Zia Nabavi claims that his “biggest talent in social relationships” is his ability to speak the same language as people with differing interests and tastes from him. He says: “…during my student years, I was the connecting point between people who had different, and at times opposing views.” He continues that he discovered the concept of sympathy when he was not allowed to talk or express his views during detention and interrogations. Zia believes that “when two people are involved in a conflict, they should not bring each other down to the subject of the conflict…because [a conflict] situation has the potential of exploding into violence.”

Zia Nabavi then goes on to share his take on the various political and civil activists he met in prison.

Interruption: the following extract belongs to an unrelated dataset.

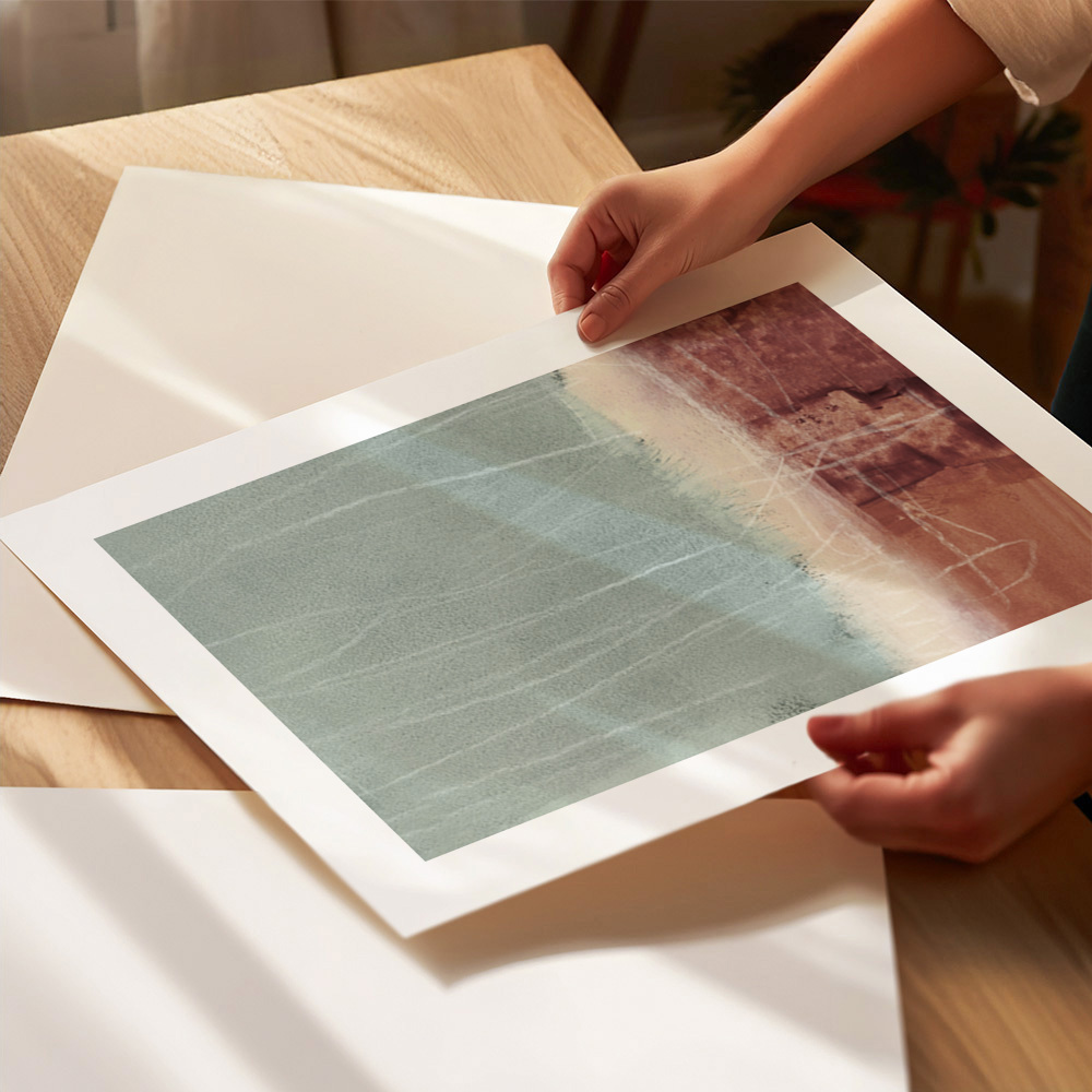 Fånga naturens essens med detta abstrakta verk av Iris Lehnhardt, med harmoniska virvlar av turkos och bruna toner. Perfekt för att skapa lugn och textur i vilket rum som helst.
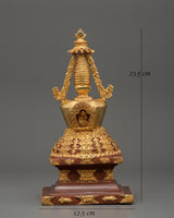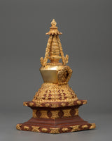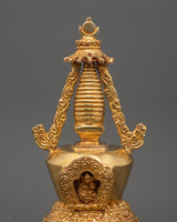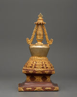 Oxidized Gold-Plated Stupa for Buddhist Shrine

He concludes with the thought: “I have developed a very critical view toward political dissidents and the opposition in the [Iranian] society…[They] are not bad people…but it does not mean that they can be considered democratic [in their conduct and their views].”
At the end of the first section of his letter Zia Nabavi offers three characteristics he believes that a democratic person must possess:

1- The ability to enter the public domain, and take responsibility to solve the common problems of [the civil society].

2- The ability to commit to critical discussion, and respect and yield to the collective wisdom in the public decision-making processes.

3- The ability to respect the privacy of individuals, and recognize and sympathize with their differences in this area.

In the second part of his letter, Zia Nabavi engages in self-criticism, and offers an analytic critique of the issues he discussed in the first part of his letter.

The full translated text of Zia Nabavi’s letter will be published shortly.